4. IVF-PQ: The Billion-Scale Combination
Combine IVF's cluster pruning with PQ's compression. The key insight: PQ is applied to residual vectors (vector - centroid), not the original vectors. Residuals are smaller in magnitude and more uniformly distributed, so PQ works better on them.
IVF-PQ Pipeline
1. k-means → nlist centroids (Voronoi partition)
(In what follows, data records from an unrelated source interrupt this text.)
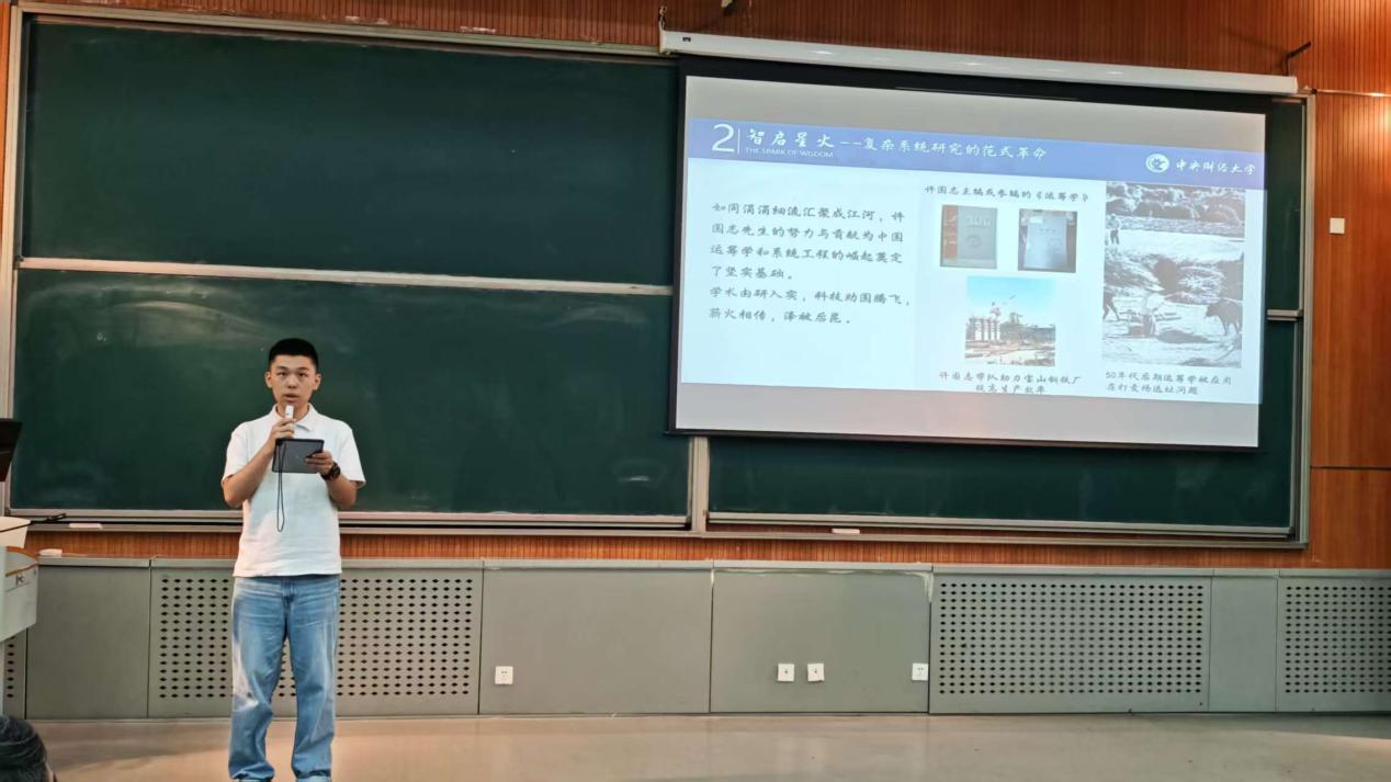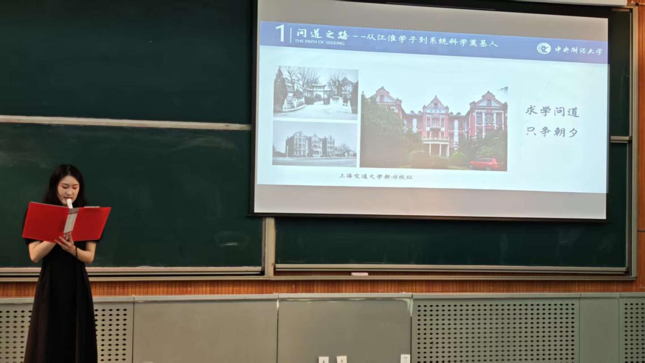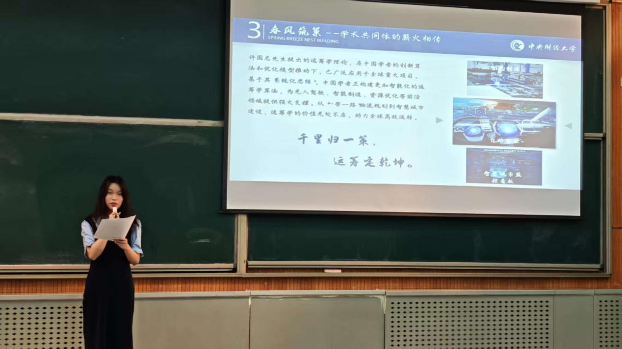 宣講活動由管理科學(xué)21級董熙蕾、許國志大數(shù)據(jù)英才班21級付博昕和王韻涵主講。宣講以問道之路--從江淮學(xué)子到系統(tǒng)科學(xué)奠基人、智啟星火--復(fù)雜系統(tǒng)研究的范式革命、春風(fēng)筑巢--學(xué)術(shù)共同體的薪火相傳和薪傳長河—大數(shù)據(jù)時代的守正創(chuàng)新分開講述了許國志先生的生平與求學(xué)深造經(jīng)歷、許國志先生為中國運籌學(xué)和系統(tǒng)工程的崛起做出的貢獻(xiàn)、許國志先生對我國的運籌學(xué)及系統(tǒng)工程專業(yè)學(xué)科建設(shè)及新生力量培養(yǎng)以及許國志先生的教育理念在中央財經(jīng)大學(xué)管理科學(xué)與工程學(xué)院中的體現(xiàn)和延續(xù)。
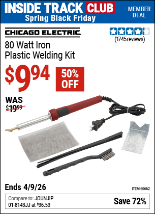 ITC CHICAGO ELECTRIC 80 WATT IRON PLASTIC WELDING KIT Lot No. 60662 Expired: 4/9/26 - $9.94 Coupon Code: 'n/a'
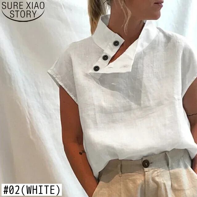 送料無料 半袖女性ブラウス 2024 夏コットンリネンシャツルーズ固体白チュニックトップス 18898 ショート ホワイト ハーフスリーブ サマー 夏物 ソリッドカラー AE665656681113552770
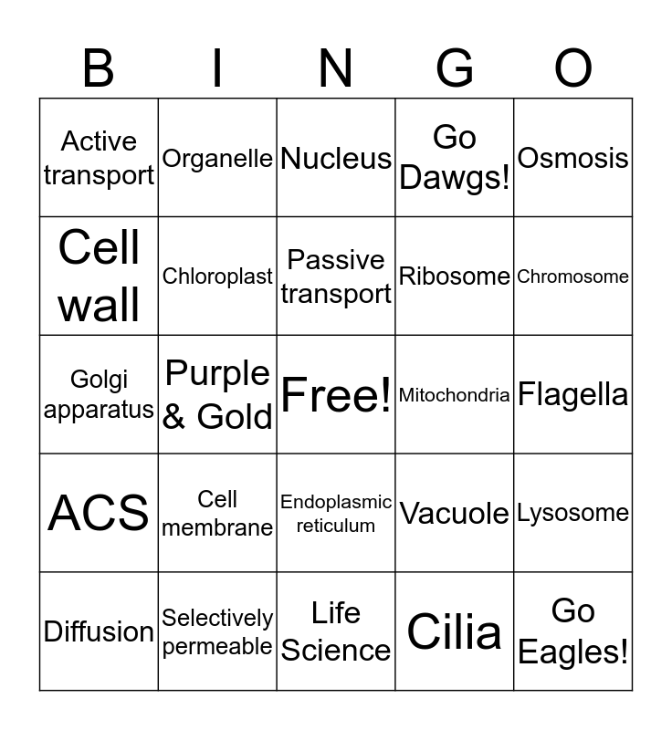 This bingo card has a free space and 24 words: Cell membrane, Selectively permeable, Passive transport, Diffusion, Osmosis, Active transport, Cell wall, Organelle, Mitochondria, Endoplasmic reticulum, Ribosome, Golgi apparatus, Vacuole, Lysosome, Chloroplast, Cilia, Flagella, Nucleus, Chromosome, Purple & Gold, Go Eagles!, ACS, Go Dawgs! and Life Science.
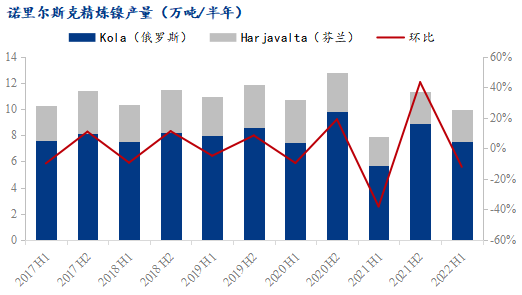 2021年一季度,諾里爾斯克鎳業(yè)位于北極區(qū)域的Oktyabrsky 和Taimyrsky兩座礦山因地下水滲入而暫停運營,維修至5月開始逐漸恢復生產,至11月完全恢復產能。該兩座礦山提供了諾里爾斯克鎳業(yè)在俄羅斯和芬蘭工廠的約50%礦石原料,其停產對企業(yè)的原料供給影響巨大,2021全年產量較2020年下降了18.12%。故在產能得到恢復后,2022上半年產量同比有了較大增漲。
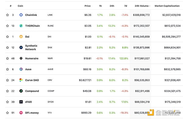 过去24小时去中心化交易所的交易量 数据来源:coingecko
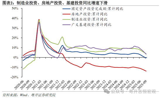 9月经济表现呈现出分化格局,主要经济指标增速有升有降。一方面,外需好于内需,出口高增带动工业生产加快,9月规模以上工业增加值同比由8月的5.2%回升至6.5%。另一方面,内需仍然不足,消费仍较低迷,社会消费品零售总额同比进一步降至3.0%;固定资产投资累计同比更是由正转负。消费的走弱,既有去年同期基数抬升的扰动,也有政策效果边际递减的影响,同时还受到了外卖平台补贴回落、关于“预制菜”的讨论等因素扰动。投资方面,设备更新改造空间收窄导致制造业投资从高速增长逐步回落;房价仍未有效止跌回稳,房地产投资持续下滑;此前支撑基建投资的电力和水利投资也见顶回落,加之地方财政紧平衡制约,基建投资的支撑力量有所减弱。
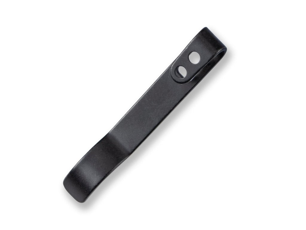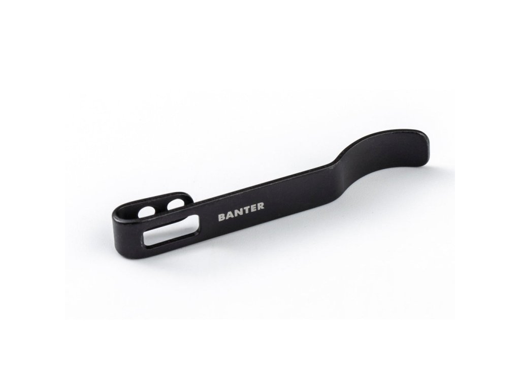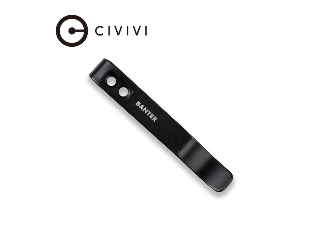 Černý kapesní klip z nerezové oceli pro nůž Civivi Baby Banter a We Knife Banter. Dva otvory pro šrouby o průměru 2,6 a 4,5 mm.
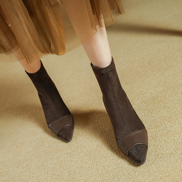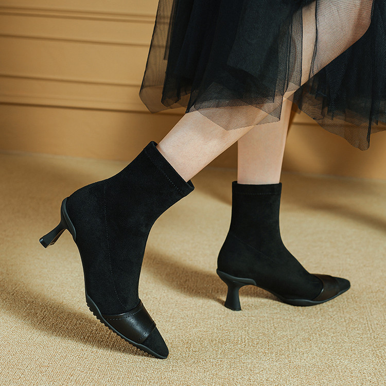 巨好看的法式气质真皮尖头短靴女细跟2025新款短筒靴子秋冬时尚
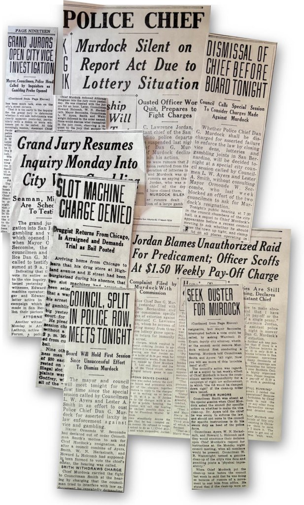 Upon election, the new mayor chose for his chief of police Dan Murdock, a deputy sheriff in the county. Speculation at the time had him choosing another individual and the choice eventually came down to Murdock or another San Bernardino policeman, C. Lawrence Jordan. With Murdock as Chief, Jordan was named the night Chief of Police.
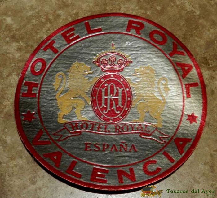 ANTIGUA ETIQUETA DE MALETA - ANTIQUE LUGGAGE BAGAGE LABEL - ANCIEN ETIQUETTE LA VALISE - HOTEL ROYAL, VALENCIA, TAL COMO SE VE EN LA FOTO.
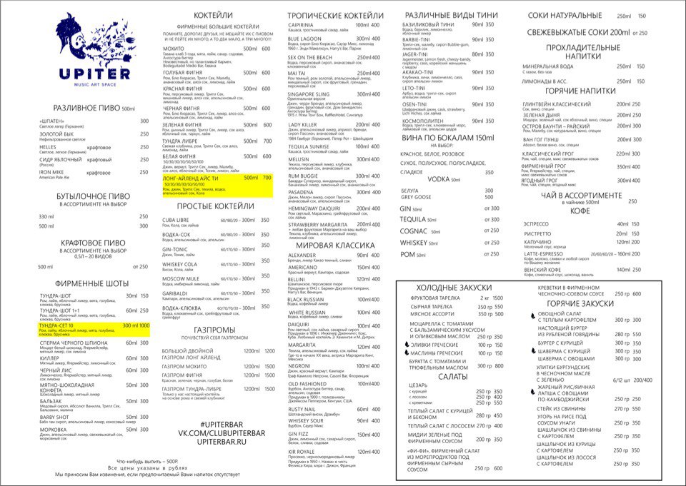 На странице бара в социальной сети можно ознакомиться с афишей мероприятий, почитать подробную информацию о каждом коллективе и выбрать то, что вам по душе. Отдыхайте с удовольствием!
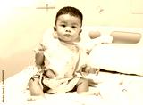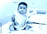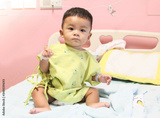 Southeast Asian boy, 6 months old. Illness sick, right hand has injection Was lying in the hospital gown. On the hospital bed. Focus on the right hand That has a syringe.

2. Compute residual = vector - nearest_centroid
3. Train PQ codebooks on residuals
4. Store PQ-encoded residuals in inverted lists
1. Find nearest centroids (nprobe)
2. Compute query_residual = query - centroid
3. ADC search within cluster using residual PQ codes
4. Return top-k across all probed clusters
5. FAISS Index Decision Matrix
| Index | Memory/Vec (768d) | Recall@10 | Best For |
|---|---|---|---|
| Flat | 3,072 B | 100% | Ground truth, <100K vecs |
| IVF-Flat | 3,072 B | 95-99% | Medium datasets, high accuracy |
| IVF-PQ | ~96 B | 85-95% | Billion-scale, memory-constrained |
| IVF-PQ+refine | ~96 B + disk | 95-98% | Best accuracy/memory tradeoff |
| HNSW (Ch 6.5) | ~3,500 B | 98-99% | High recall, RAM available |
Key Takeaways
Brute Force Is Exact but Unscalable
O(N×d) per query: fine for <100K vectors, borderline at 100K, and completely unusable above 1M. At 1B vectors with 768 dims, a single query takes ~768 seconds.
IVF: Partition → Search Subsets
K-means splits the vector space into Voronoi cells. At query time, only search nprobe cells out of nlist total → ~100x speedup. The boundary problem (nearest neighbor in adjacent cell) is mitigated by increasing nprobe.
PQ: 32x Compression via Subspace Quantization
Split 768-dim vector into 96 sub-vectors of 8 dims each. Learn 256 centroids per sub-space. Replace each sub-vector with a 1-byte centroid ID. Result: 3072 bytes → 96 bytes.
ADC Is Always Preferred over SDC
Asymmetric distance computation keeps the query at full float32 precision and only quantizes database vectors. The accuracy gain over SDC (both quantized) is significant and the per-query table computation is negligible.
IVF-PQ: The Billion-Scale Default
Combine IVF cluster pruning + PQ compression. Key: PQ is applied to residual vectors (vector - centroid), not originals. Residuals are smaller and more uniform → PQ works better. FAISS makes this production-ready.